The hyperspherical coordinates form a ‘nearly complete’ chart of a 3-sphere with the following description (the coverage of this chart is sufficient for our purposes, so we need not worry about incompleteness):

$$ds^2=R^2[d\theta^2+\sin^2\theta~d\phi^2+\sin^2\theta\sin^2\phi~d\psi^2]$$

With theta and $\phi\in(0,\pi)$, $\theta\in(0,\pi)$,$\psi \in [0,2\pi)$.

Henceforward, we will consider only the unit 3-sphere, with R=1.

Consider a curve in a surface of constant $\psi$ defined by $\sin^2\theta\sin^2\phi=\frac 1 2$. [This is suggested by looking at the situation from joint embedding in $E^4$, but now fully divorced from that embedding]. It is easy to verify that within the stated coordinate bounds, this forms a closed curve (sort of a rounded square). We consider the surface revolution formed by taking this curve through all values of $\psi$. We will demonstrate that the intrinsic geometry of this surface, induced by the spherical metric above, is Euclidean flat. No use of embedding in $E^4$ or any tools beyond the metric will be used. This is, in fact, a complete, smooth, isometric embedding of a flat torus in $S^3$. Note, that only this one size of flat torus can be completely smoothly embedded.

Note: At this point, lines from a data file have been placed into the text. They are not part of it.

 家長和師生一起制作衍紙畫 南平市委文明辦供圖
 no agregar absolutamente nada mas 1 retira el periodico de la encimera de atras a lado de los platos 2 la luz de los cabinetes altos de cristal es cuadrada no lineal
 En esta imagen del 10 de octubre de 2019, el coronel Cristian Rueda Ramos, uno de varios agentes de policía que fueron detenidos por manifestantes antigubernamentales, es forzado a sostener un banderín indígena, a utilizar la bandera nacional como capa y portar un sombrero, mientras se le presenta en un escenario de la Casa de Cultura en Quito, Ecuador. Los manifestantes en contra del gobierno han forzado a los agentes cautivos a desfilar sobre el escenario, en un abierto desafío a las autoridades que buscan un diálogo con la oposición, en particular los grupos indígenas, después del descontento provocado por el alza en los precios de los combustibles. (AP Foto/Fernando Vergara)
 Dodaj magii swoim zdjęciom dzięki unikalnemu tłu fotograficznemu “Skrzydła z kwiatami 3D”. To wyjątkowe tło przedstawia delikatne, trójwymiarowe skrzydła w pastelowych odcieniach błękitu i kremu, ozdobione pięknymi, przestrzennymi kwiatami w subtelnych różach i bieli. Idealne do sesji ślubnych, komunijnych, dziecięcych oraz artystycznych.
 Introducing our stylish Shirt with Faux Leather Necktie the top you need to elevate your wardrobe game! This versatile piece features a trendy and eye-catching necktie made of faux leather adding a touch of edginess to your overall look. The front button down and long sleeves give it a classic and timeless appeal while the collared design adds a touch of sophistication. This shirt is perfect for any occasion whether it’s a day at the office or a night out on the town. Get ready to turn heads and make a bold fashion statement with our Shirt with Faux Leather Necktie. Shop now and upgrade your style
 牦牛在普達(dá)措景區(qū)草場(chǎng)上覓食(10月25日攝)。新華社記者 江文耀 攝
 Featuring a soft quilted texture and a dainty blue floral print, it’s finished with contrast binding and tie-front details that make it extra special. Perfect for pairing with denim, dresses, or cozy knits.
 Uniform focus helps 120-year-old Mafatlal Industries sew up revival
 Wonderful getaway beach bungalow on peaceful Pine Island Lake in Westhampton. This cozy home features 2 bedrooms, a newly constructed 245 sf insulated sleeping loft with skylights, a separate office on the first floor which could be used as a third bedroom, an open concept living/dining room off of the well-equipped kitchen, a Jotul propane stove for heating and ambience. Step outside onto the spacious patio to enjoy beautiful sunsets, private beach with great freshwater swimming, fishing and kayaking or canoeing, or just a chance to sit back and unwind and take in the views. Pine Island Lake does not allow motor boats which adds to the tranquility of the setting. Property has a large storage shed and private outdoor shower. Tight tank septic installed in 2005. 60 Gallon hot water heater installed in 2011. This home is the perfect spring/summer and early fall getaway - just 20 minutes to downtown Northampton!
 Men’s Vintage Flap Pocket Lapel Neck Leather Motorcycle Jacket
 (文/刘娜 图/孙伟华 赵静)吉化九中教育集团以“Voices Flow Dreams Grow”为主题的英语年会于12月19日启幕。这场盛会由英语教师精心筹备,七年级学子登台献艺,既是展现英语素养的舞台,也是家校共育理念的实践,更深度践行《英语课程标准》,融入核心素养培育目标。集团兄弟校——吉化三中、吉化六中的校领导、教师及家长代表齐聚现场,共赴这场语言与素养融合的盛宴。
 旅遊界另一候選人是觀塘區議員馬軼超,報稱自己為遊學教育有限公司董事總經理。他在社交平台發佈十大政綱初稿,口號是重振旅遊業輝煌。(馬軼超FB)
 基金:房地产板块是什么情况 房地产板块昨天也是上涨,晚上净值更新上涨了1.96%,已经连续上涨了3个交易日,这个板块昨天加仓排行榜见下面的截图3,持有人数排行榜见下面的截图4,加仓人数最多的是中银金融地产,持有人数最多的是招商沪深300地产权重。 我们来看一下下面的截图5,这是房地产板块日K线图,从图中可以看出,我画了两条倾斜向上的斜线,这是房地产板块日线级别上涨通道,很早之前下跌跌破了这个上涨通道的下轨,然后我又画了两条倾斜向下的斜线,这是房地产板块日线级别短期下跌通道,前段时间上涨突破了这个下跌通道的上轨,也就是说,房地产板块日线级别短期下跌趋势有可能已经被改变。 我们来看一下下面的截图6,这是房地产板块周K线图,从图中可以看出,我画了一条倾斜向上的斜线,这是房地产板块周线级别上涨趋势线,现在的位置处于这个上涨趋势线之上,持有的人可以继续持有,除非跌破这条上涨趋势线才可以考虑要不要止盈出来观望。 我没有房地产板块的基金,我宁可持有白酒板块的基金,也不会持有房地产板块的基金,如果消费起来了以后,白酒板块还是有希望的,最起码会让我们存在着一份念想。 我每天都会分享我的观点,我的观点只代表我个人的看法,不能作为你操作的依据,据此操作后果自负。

From the curve definition above, we get by differentiation:
$$\sin^2\phi\cos^2\theta~d\theta^2 = \sin^2\theta\cos^2\phi~d\phi^2$$
Or
$$d\phi^2 = \tan^2\phi\cot^2\theta~d\theta^2$$
From the curve definition, we also have $\sin^2\phi=\frac 1 {2 \sin^2\theta}$. From these, after some rearrangements we get:
$$d\phi^2 =\frac {\cot^2\theta} {\sin^2\theta-\cos^2\theta} d\theta^2$$
Plugging this into the spherical metric we get
$$ds^2 = d\theta^2 + \frac {\cos^2\theta} {sin^2\theta-\cos^2\theta} d\theta^2 + \sin^2\theta\sin^2\phi~d\psi^2$$
Using the curve definition in the last term, and rearranging we get:
$$ds^2 = \frac {\sin^2\theta} {\sin^2\theta-\cos^2\theta} d\theta^2 + \frac 1 2 d\psi^2$$
This is the intrinsic metric for the torus induced from the spherical metric, using the inherited hyperspherical coordinates on the torus. However, rather than using $\theta$, it would be better to use a coordinate that is proportional to arclength along the $\theta\phi$ curve. By looking back at the embedding in $E^4$, a guess can be made to try the following simple coordinate change:
$$\cos\theta=\frac 1 {\sqrt 2 } \cos z$$
We have then, $\cos^2\theta=\frac 1 2 \cos^2 z$, and $\sin^2\theta~d\theta^2 = \frac 1 2 \sin^2 z~dz^2$. Plugging this into the prior metric and rearranging gives:
$$ds^2 = \frac 1 2 dz^2 +\frac 1 2 d\psi^2$$
QED. This is the Euclidean flat metric. Recalling that coordinate change can’t change intrinsic geometry, we have demonstrated that the indicated torus surface within the unit 3-sphere is Euclidean flat everywhere.